Not to make the example too complex lets say our application will be printing the content of each file to that frame with the corresponding filenames. Once you understand how it works you may process the files in any other way rather than printing their content.
So we need to pass through several steps to accomplish the goal. They are:

  1. Create html form
  2. Create servlet
  3. Process the data (read multiple files with servlet)

HTML Form

Form is the facility to post your data from your client to the server. Either you're using CGI approach or servlet like in this example you have to consider two things:
  • which data and in which format you're going to send
  • which URL the server should interpret as your data handler
The simple page body we'll be using looks like this

HTML form - Upload files with servlet example


<body>
 <form id="example-form" 
  action="HandlerServlet" 
  method="post"
  enctype="multipart/form-data" 
  target="resultFrame">
   <input type="file" name="example-input" multiple />
   <input type="submit"/>
 </form>
 <br />
 <iframe name="resultFrame" frameborder="1" width="100%" height="400" scrolling="yes" />
</body>



There are some important things in lines: 3,5,6 and 7.

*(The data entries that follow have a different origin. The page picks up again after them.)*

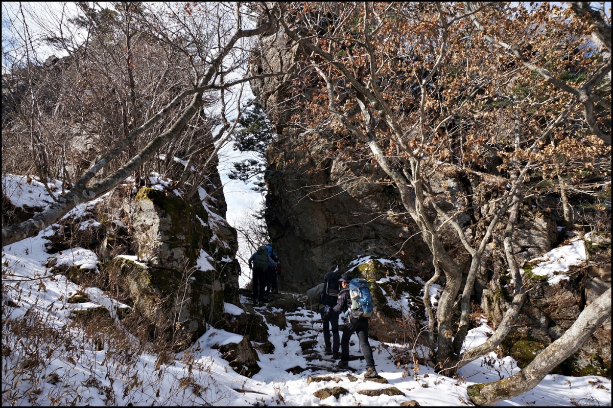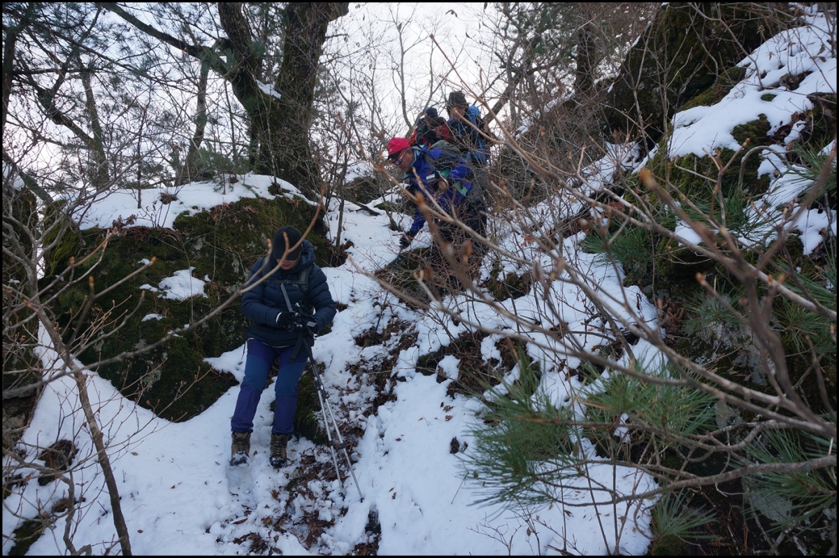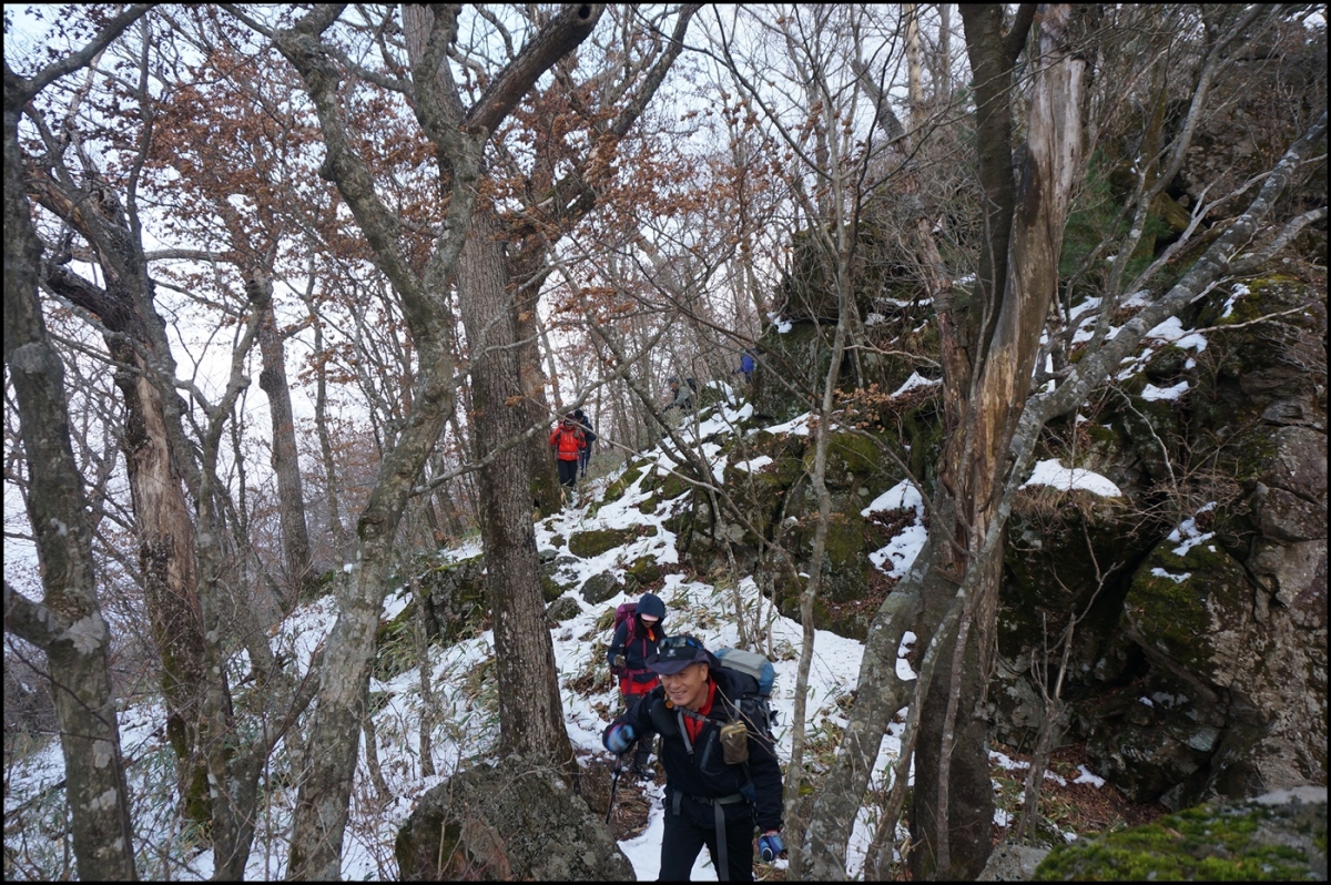 맨 앞에서 뒷사람들이 로프를 잡고 발 디딜 공간이 미끄럽지 않도록 영구 형님은 손으로 낙엽을 쓸고 눈을 치우느라 손이 꽁꽁 얼어 호호 불었다.
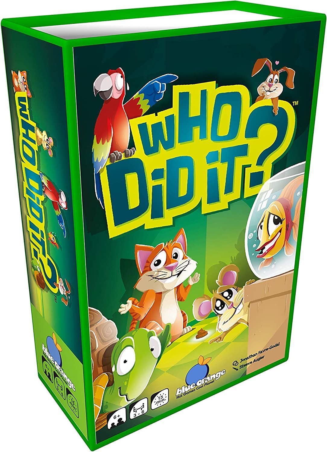 Who Did It? is a hilarious, fast-paced card game that will test your memory and quick thinking. Each card in your hand represents one of your pets, and it's your job to absolve all of them of blame for the stinky mess in the living room.
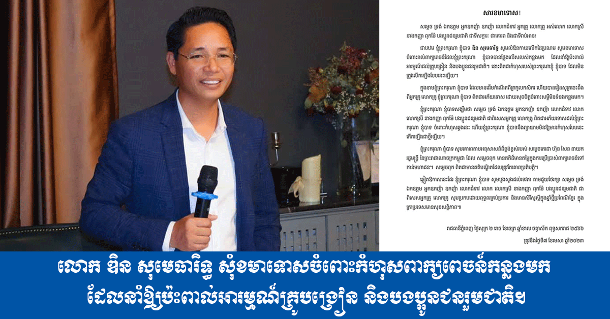 លោក ឌិន សុមេធារិទ្ធ សុំខមាទោសចំពោះកំហុសពាក្យពេចន៍កន្លងមកដែលនាំឱ្យប៉ះពាល់អារម្មណ៍គ្រូបង្រៀន និងបងប្អូនជនរួមជាតិ
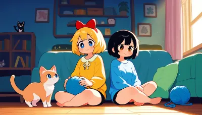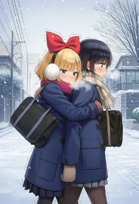 わーい、ぴくたーちゃんです! この画像、とってもかわいい雪の日のシーンだね! 金髪の女の子が赤いリボンつけて、黒髪の女の子を抱きしめてる姿がほっこりしちゃうよ~。冬の街並みがきれいに描かれてて、雪の粒
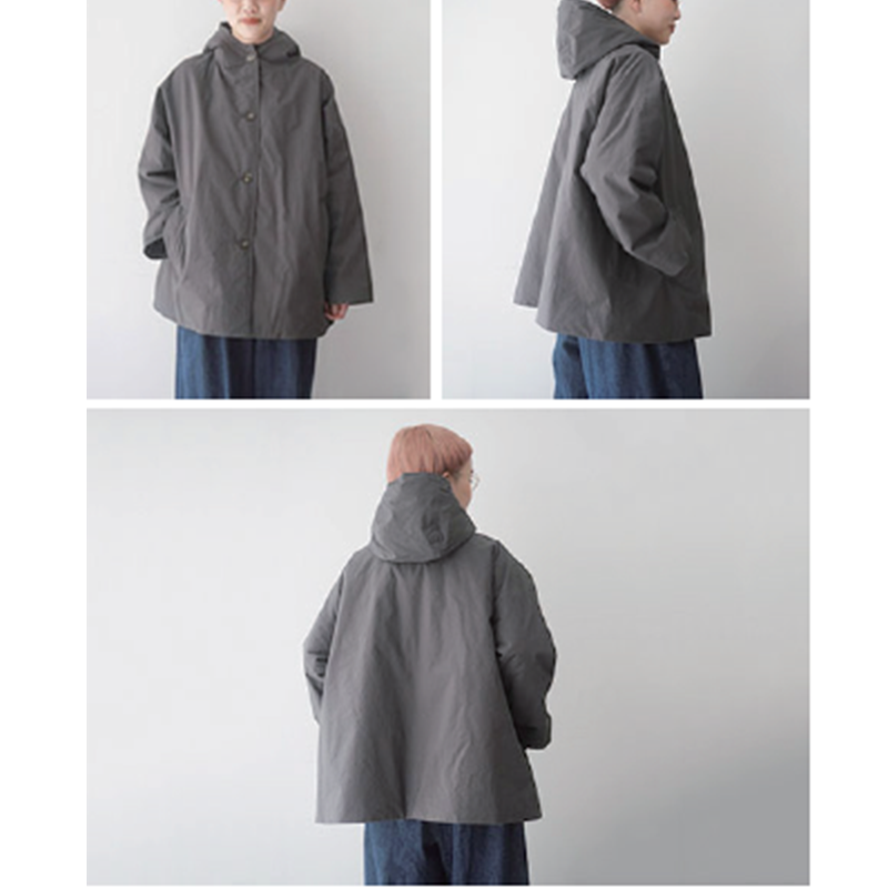 mao made ミディアム丈Aラインフード付きコート /CH90
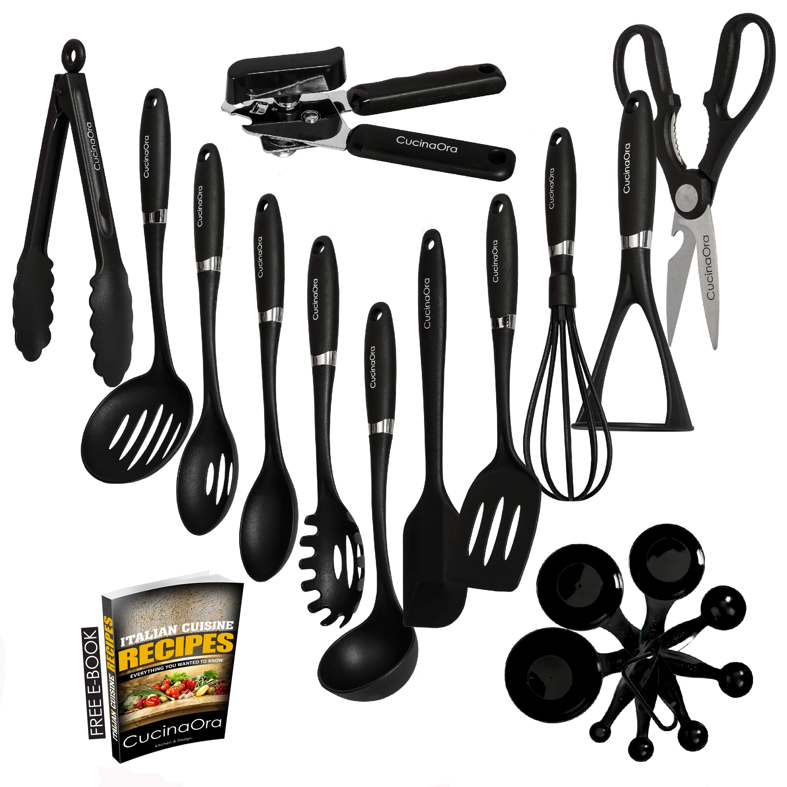 24-Piece Nylon Cooking Utensils Kitchen Utensil set ... from images-na.ssl-images-amazon.com However, the best is use only wooden, plastic, silicone and nylon utensils. Mibote silicone cooking kitchen utensils set 3. Oannao 9 piece silicone spatula set. I'm not wild on wood because it always turns black on me. They are safer than plastic to cook with, especially at higher heats. Yes, silicone cooking utensils are safe for your family. A set of silicone tools is roughly double, sometimes triple the price of a set of its nylon nylon and silicone both take years to break down, but silicone is a better choice for the environment, owing to its durability. Cooking utensils are one of those things we use on a daily basis.
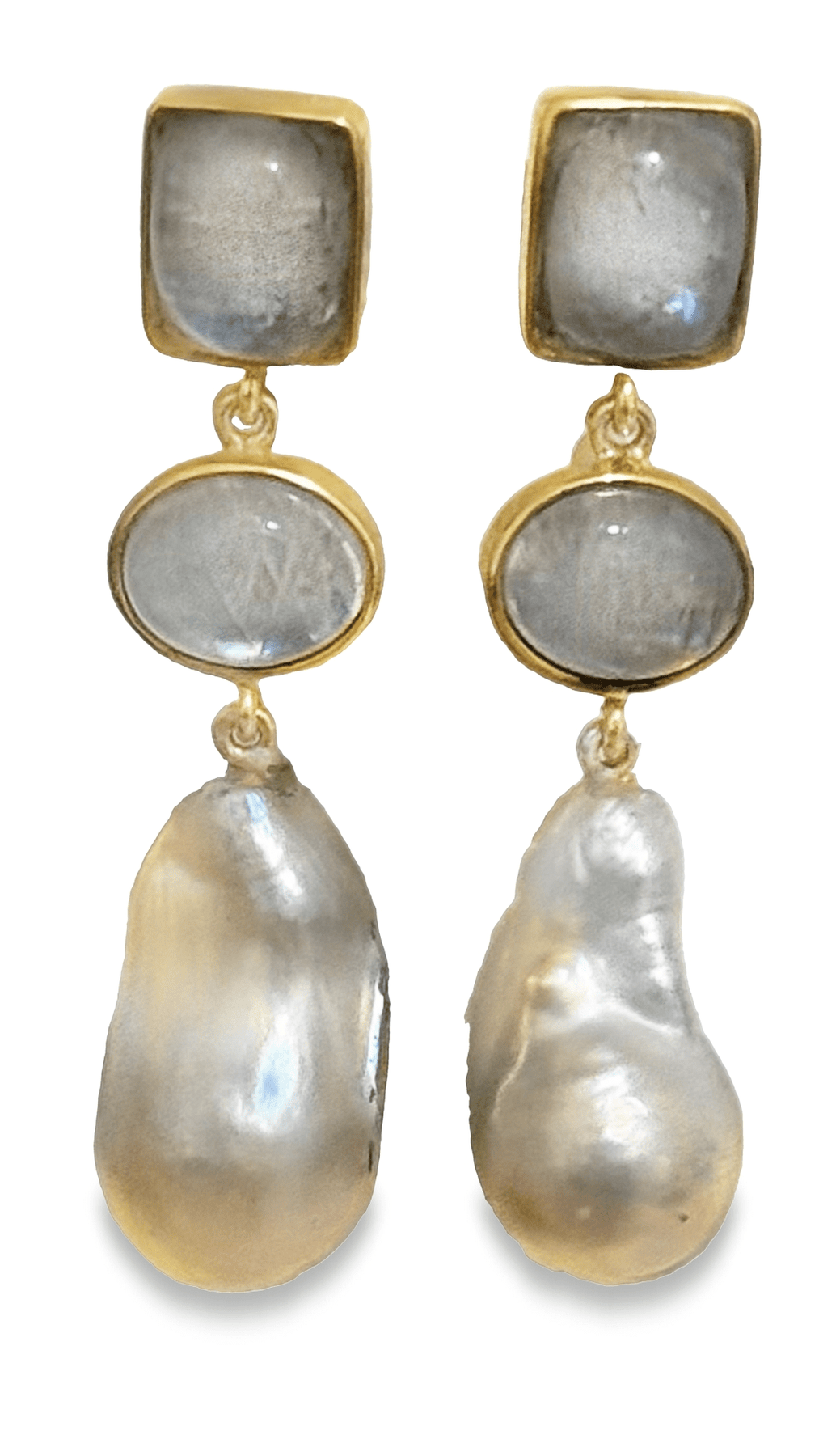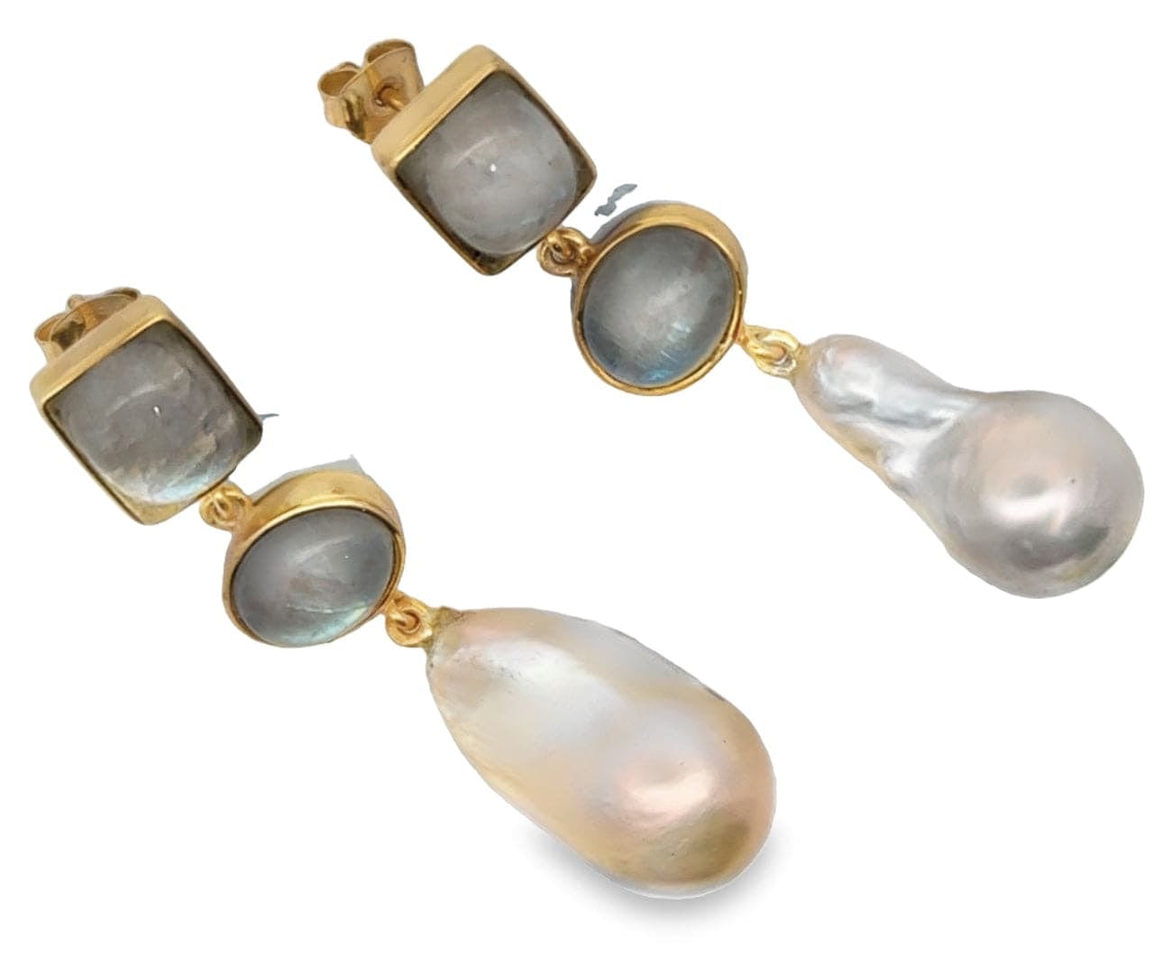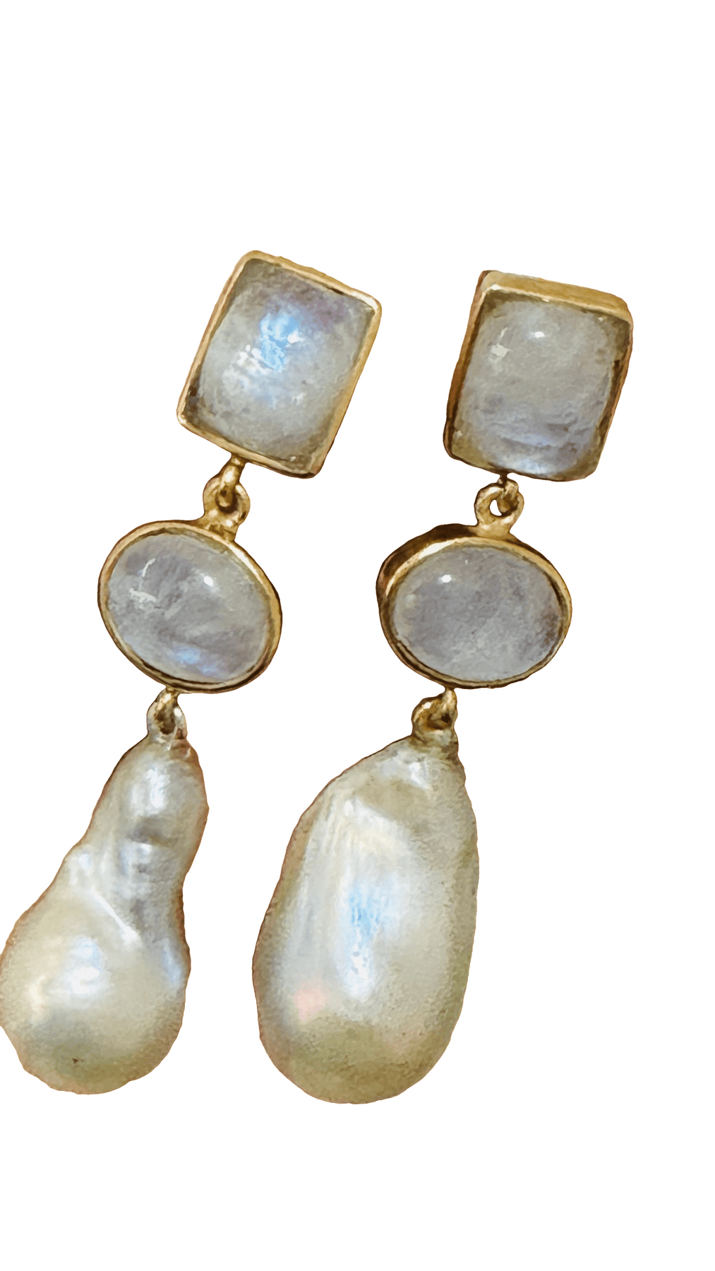 These stunning earrings are designed to enhance your personal bridal style with their captivating beauty. Featuring shimmering moonstones with alluring blue flashes and large baroque pearls, they make a bold statement that is sure to turn heads. The reflection of the glowing moonstones and unique baroque pearls will make your eyes shine, adding extra for your photos.

  • HandlerServlet is actually relative URL to be considered by the server as handler of the data that is coming from your form
  • enctype is the attribute which should be set to "multipart/form-data" if you're going send file content. Otherwise you'll be sending the only file names
  • target attribute specifies the frame the server response will be printed out to (you should have the frame with corresponding name on your page like we do)
  • multiple is the attribute wich should be specified if you'd like to choose several files simultaneously (not working in IE pre 10)
Now you're ready to write some server code.

Creating servlet

Writing a servlet is not a rocket science. You simply need to create new class, extend it from javax.servlet.http.HttpServlet and override some methods. We're going to override the only one - "protected void doPost(..)" which actually takes the client request wrapped with "HttpServletRequest req". Latter contains all the data we need to reach our goal (retrieve the content of the files sent from the client). So the skeleton will look like this:

@MultipartConfig
public class HandlerServlet extends HttpServlet{

 /**
  * 
  */
 private static final long serialVersionUID = -717277851360696409L;

 @Override
 protected void doPost(HttpServletRequest req, HttpServletResponse resp)
   throws ServletException, IOException {

 }
}
NB! Notice that the annotation (line: 1) is pretty much important. Having no such one specified you would not be able to parse your request into the parts.
Register your servlet in web.xml file so that the server knows which URL is associated with it. Use this example:

  <servlet>
    <description></description>
    <display-name>HandlerServlet</display-name>
    <servlet-name>HandlerServlet</servlet-name>
    <servlet-class>your.package.HandlerServlet</servlet-class>
  </servlet>
  <servlet-mapping>
    <servlet-name>HandlerServlet</servlet-name>
    <url-pattern>/HandlerServlet</url-pattern>
  </servlet-mapping>

, where your.package is the package you place your servlet to.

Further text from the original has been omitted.